I even thought of building an android app for that...

jrd2101 year ago
Great idea, but a more detailed parts list would be helpful to those of us living a long way from stores and are you saying MicroRax is the only way to go--still need parts list please.
wavegm (author)  jrd2101 year ago
have a look at the pictures -
I think that you can make it much cheaper then the microrax - wooden platform or any other bars will work.

Improvise !
sarveshk1 year ago

I have also tried similar thing. I added different pattern for background. But that did not worked as expected. For me, 123D catch gave better results when I used abstract backgrounds. I have also read somewhere about a user's experience, which was similar to mine.

However your project came out pretty well! Now I'm gonna try with your setup!

Thank you for the great project!
wavegm (author)  sarveshk1 year ago
I am glad you liked it - please share whenever you have anything new I would like to see!

if ou have any questions - feel free.

Nice. I would rather make the object turn other than the camera.
Good job.
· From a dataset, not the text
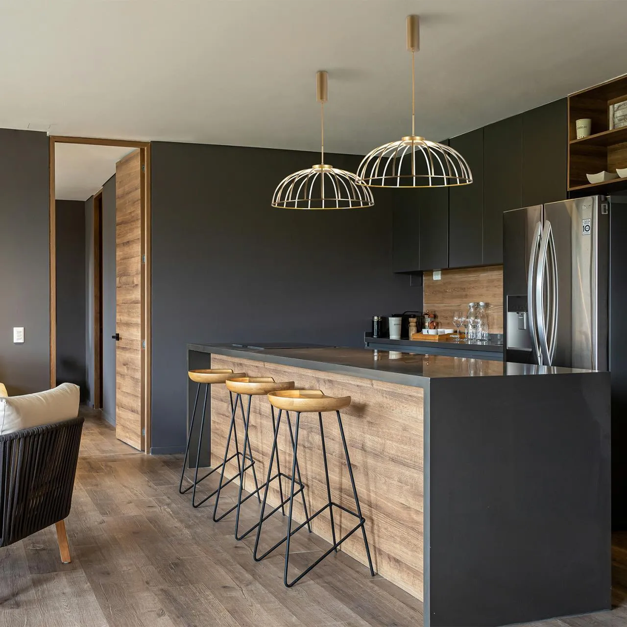 Металлический каркас в темносером цвете. Источником света являются расходящиеся из центра лучи, выполненные из тонких металлических трубок в лентой LED, регулируемая высота.

I love your idea

If you rotated the object, the lighting would change relative to the object and the shadows would move ruining the 3D.
wavegm (author)  leo_p1 year ago
you are right - I even had the re-approved by Autodesk in the 123D facebook page
Because of the way 123D Catch works, you usually get better results by moving the camera.
Jayefuu ___1 year ago
+1, the results are terrible if you turn the object not the camera.
That's one wobbly camera arm! If you could stabilize it better, you would create your images much faster. How long currently does it take to do a full "scan?"
wavegm (author)  captain Jack1 year ago
The arm is quite flexible that I know - any change into it will probobly result increase in the weight, That will make the rotation servo work harder.

I let it rest for 1 sec and it is enough.
the complete scan takes less then 2 minutes.